◆ WHAT TO DO
Copy out the full listing exactly, omitting any picture it contains.
---*---
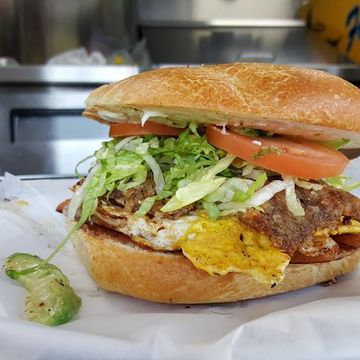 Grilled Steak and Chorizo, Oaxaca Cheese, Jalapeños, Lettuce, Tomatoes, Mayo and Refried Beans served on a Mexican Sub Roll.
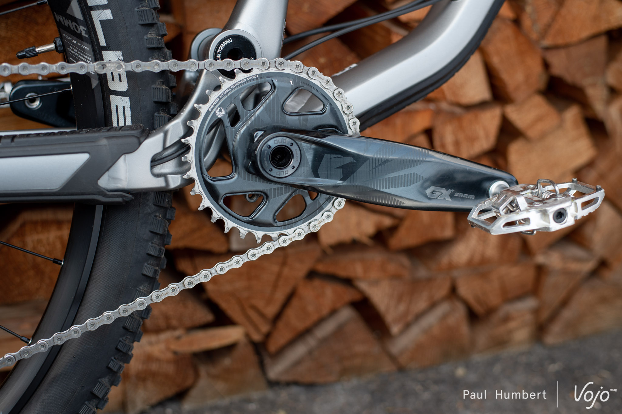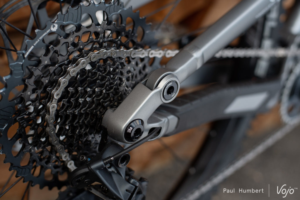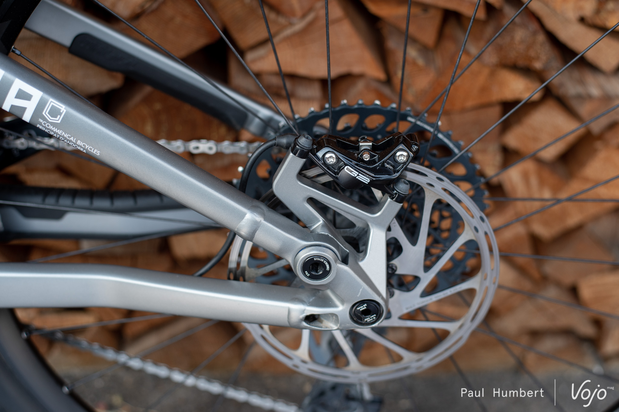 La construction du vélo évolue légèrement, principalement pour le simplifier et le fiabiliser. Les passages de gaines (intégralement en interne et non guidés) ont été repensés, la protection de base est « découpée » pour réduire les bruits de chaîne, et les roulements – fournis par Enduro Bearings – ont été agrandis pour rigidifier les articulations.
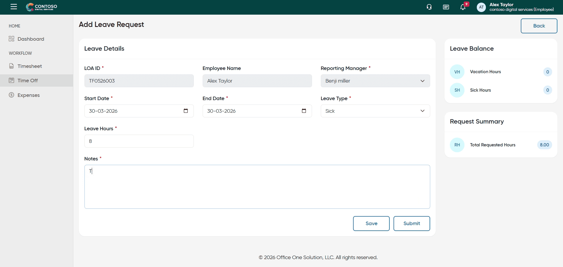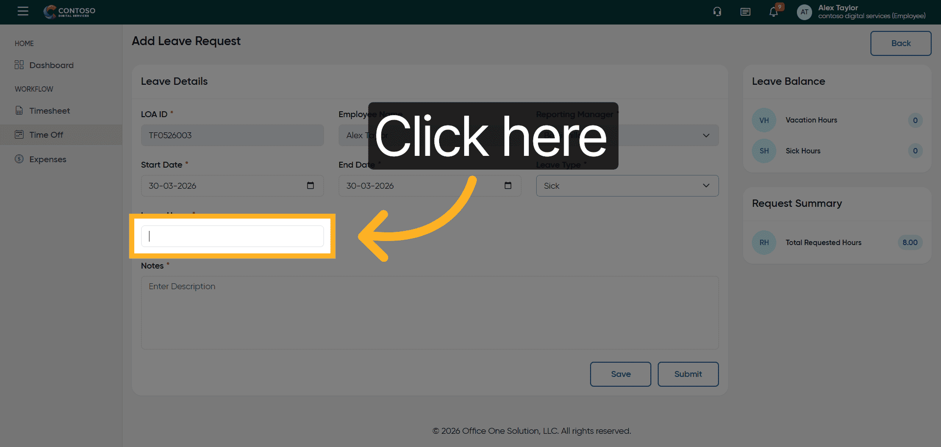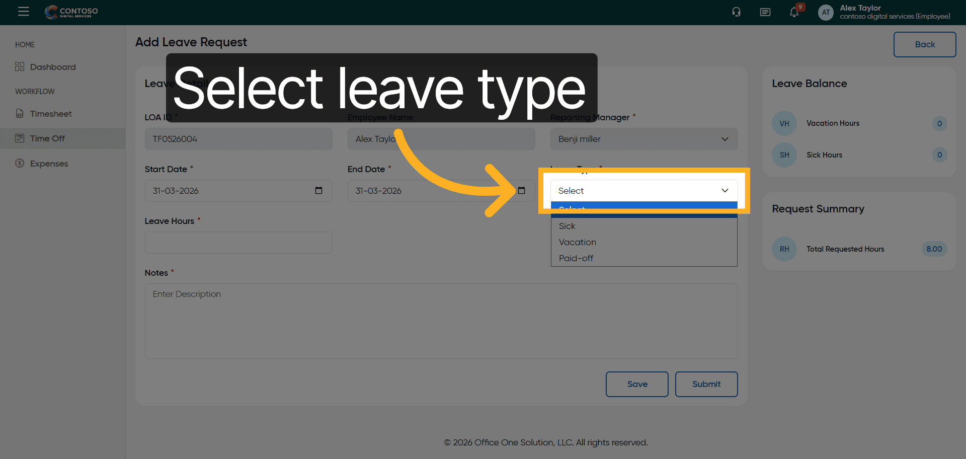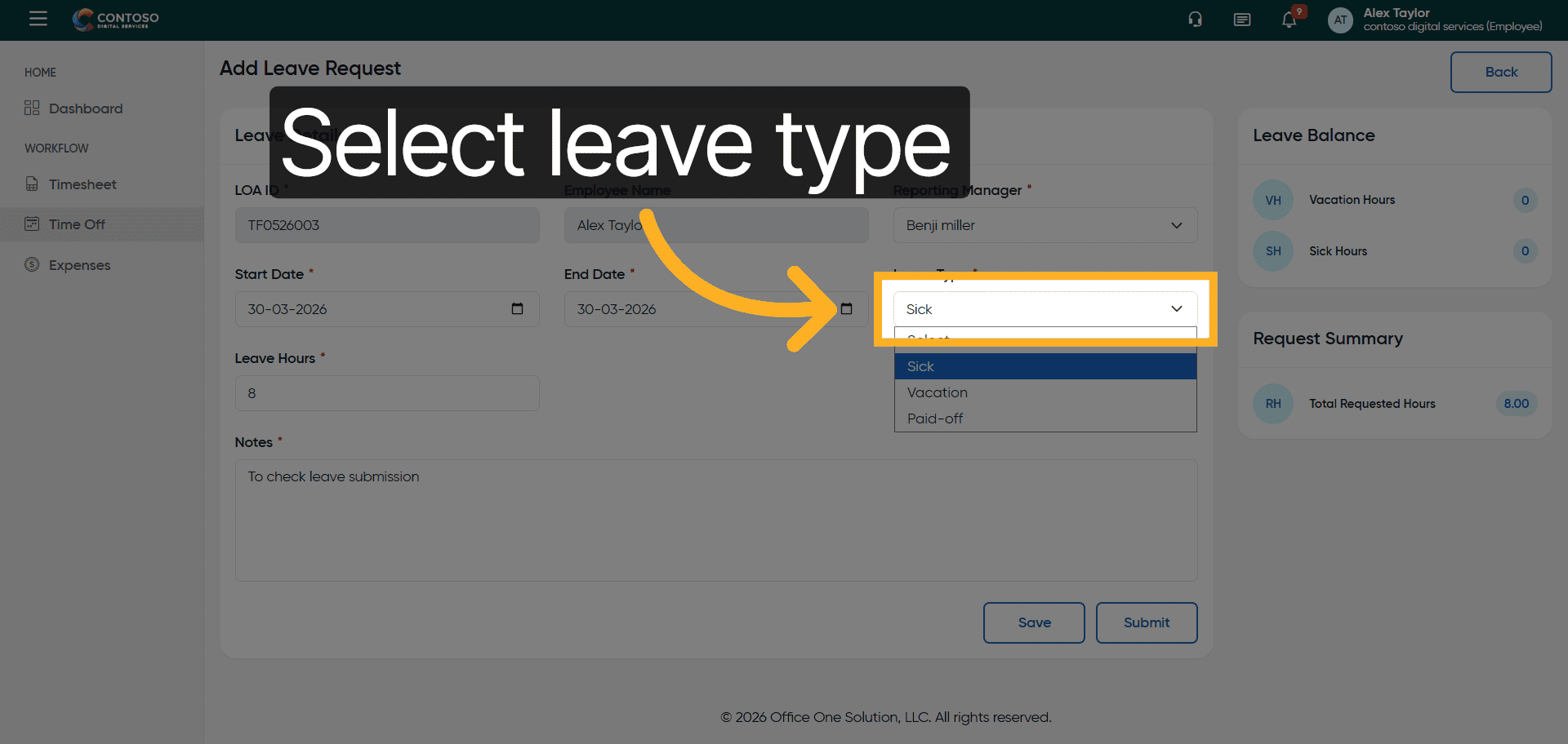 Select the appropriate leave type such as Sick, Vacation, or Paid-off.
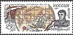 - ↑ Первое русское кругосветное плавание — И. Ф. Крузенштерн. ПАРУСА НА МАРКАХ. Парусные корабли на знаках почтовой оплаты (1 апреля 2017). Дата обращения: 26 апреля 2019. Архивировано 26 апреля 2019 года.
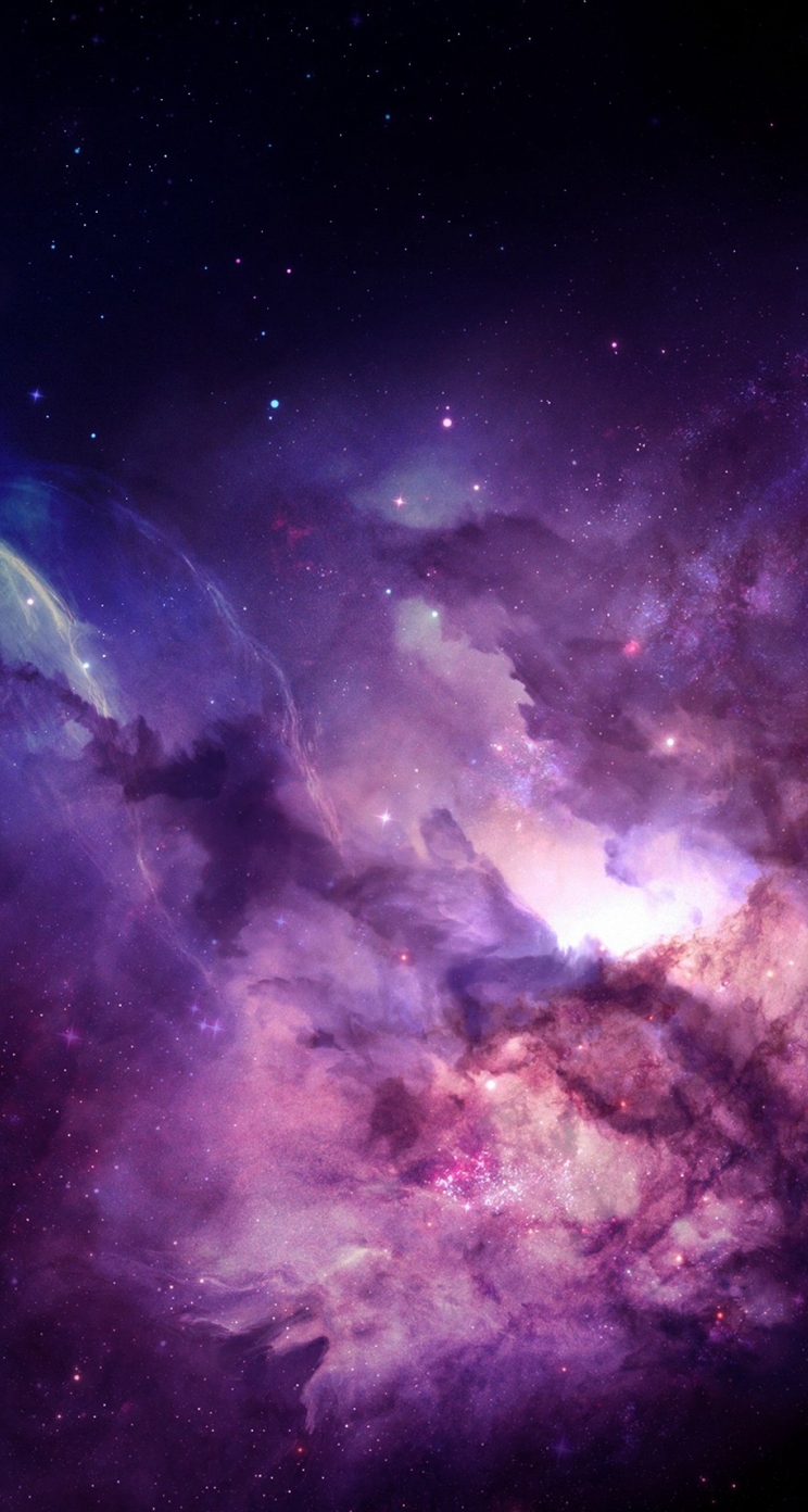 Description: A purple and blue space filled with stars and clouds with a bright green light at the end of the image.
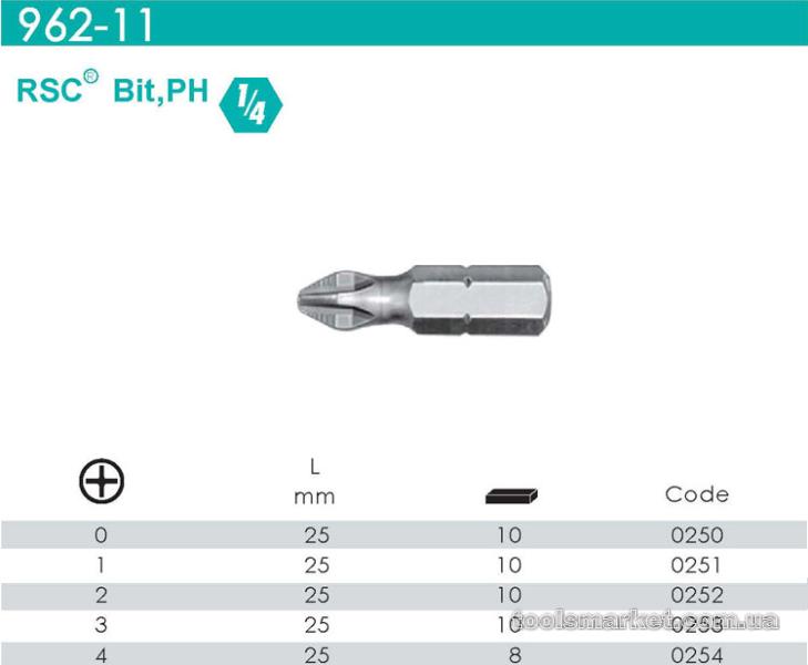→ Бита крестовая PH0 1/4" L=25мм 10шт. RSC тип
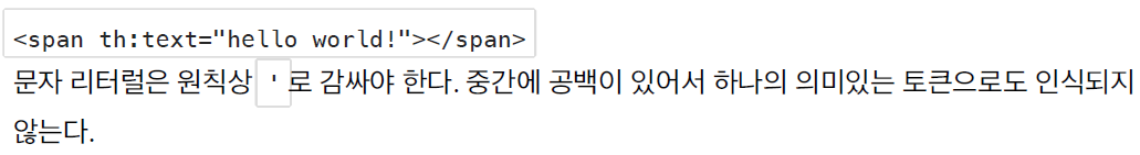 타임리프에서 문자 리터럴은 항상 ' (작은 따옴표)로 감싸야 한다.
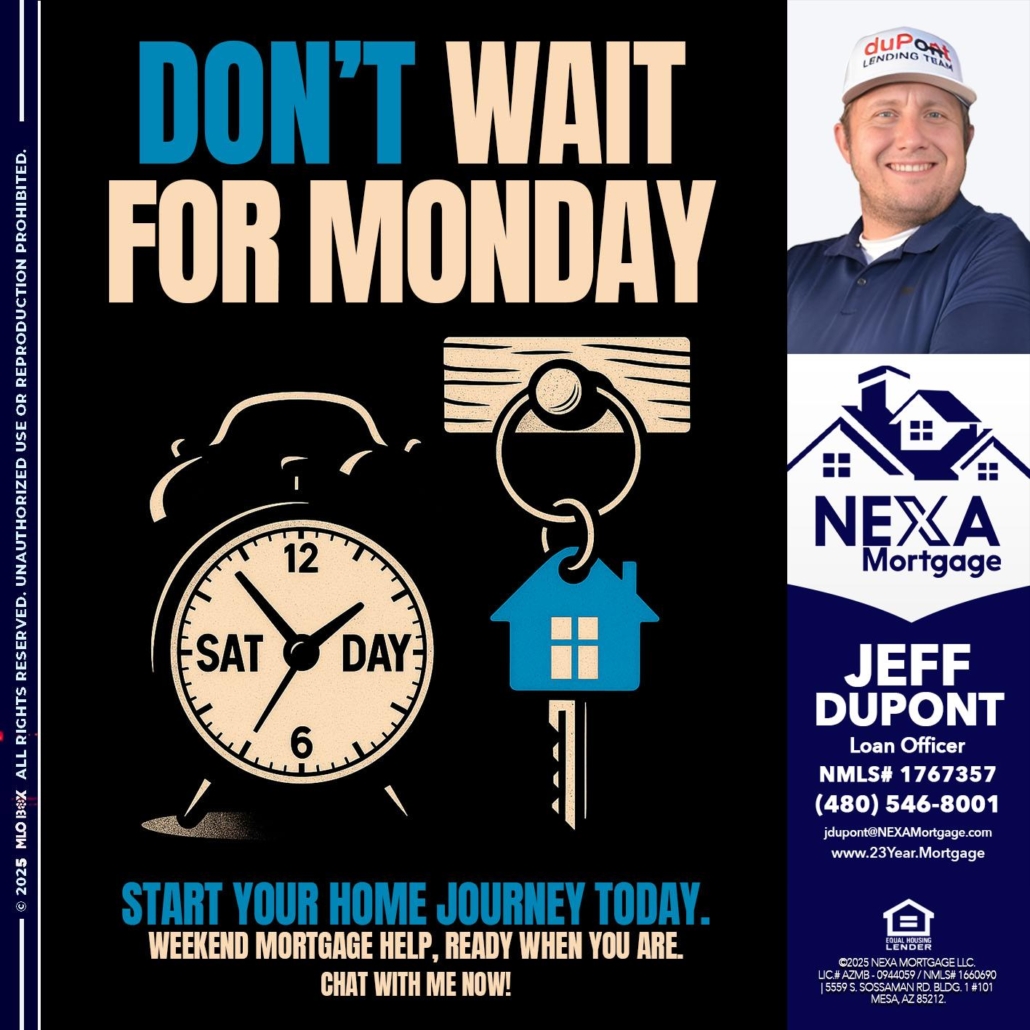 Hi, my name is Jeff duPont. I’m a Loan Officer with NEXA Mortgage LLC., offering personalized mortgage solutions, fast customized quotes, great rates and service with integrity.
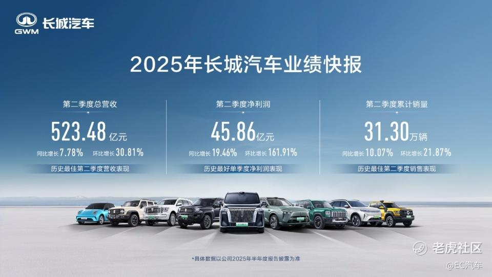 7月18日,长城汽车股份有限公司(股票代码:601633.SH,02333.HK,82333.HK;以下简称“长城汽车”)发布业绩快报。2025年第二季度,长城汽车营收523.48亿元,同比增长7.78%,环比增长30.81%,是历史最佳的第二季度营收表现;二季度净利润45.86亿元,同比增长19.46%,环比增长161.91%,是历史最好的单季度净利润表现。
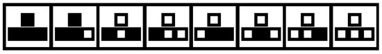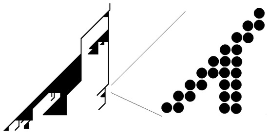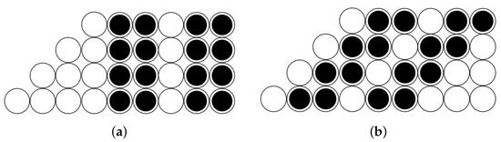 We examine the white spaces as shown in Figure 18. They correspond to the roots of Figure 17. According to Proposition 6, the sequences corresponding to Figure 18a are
---*---
◆ RESPONSE
 Grilled Steak and Chorizo, Oaxaca Cheese, Jalapeños, Lettuce, Tomatoes, Mayo and Refried Beans served on a Mexican Sub Roll.
 La construction du vélo évolue légèrement, principalement pour le simplifier et le fiabiliser. Les passages de gaines (intégralement en interne et non guidés) ont été repensés, la protection de base est « découpée » pour réduire les bruits de chaîne, et les roulements – fournis par Enduro Bearings – ont été agrandis pour rigidifier les articulations.
 Select the appropriate leave type such as Sick, Vacation, or Paid-off.
 - ↑ Первое русское кругосветное плавание — И. Ф. Крузенштерн. ПАРУСА НА МАРКАХ. Парусные корабли на знаках почтовой оплаты (1 апреля 2017). Дата обращения: 26 апреля 2019. Архивировано 26 апреля 2019 года.
 Description: A purple and blue space filled with stars and clouds with a bright green light at the end of the image.
→ Бита крестовая PH0 1/4" L=25мм 10шт. RSC тип
 타임리프에서 문자 리터럴은 항상 ' (작은 따옴표)로 감싸야 한다.
 Hi, my name is Jeff duPont. I’m a Loan Officer with NEXA Mortgage LLC., offering personalized mortgage solutions, fast customized quotes, great rates and service with integrity.
 7月18日,长城汽车股份有限公司(股票代码:601633.SH,02333.HK,82333.HK;以下简称“长城汽车”)发布业绩快报。2025年第二季度,长城汽车营收523.48亿元,同比增长7.78%,环比增长30.81%,是历史最佳的第二季度营收表现;二季度净利润45.86亿元,同比增长19.46%,环比增长161.91%,是历史最好的单季度净利润表现。
 We examine the white spaces as shown in Figure 18. They correspond to the roots of Figure 17. According to Proposition 6, the sequences corresponding to Figure 18a are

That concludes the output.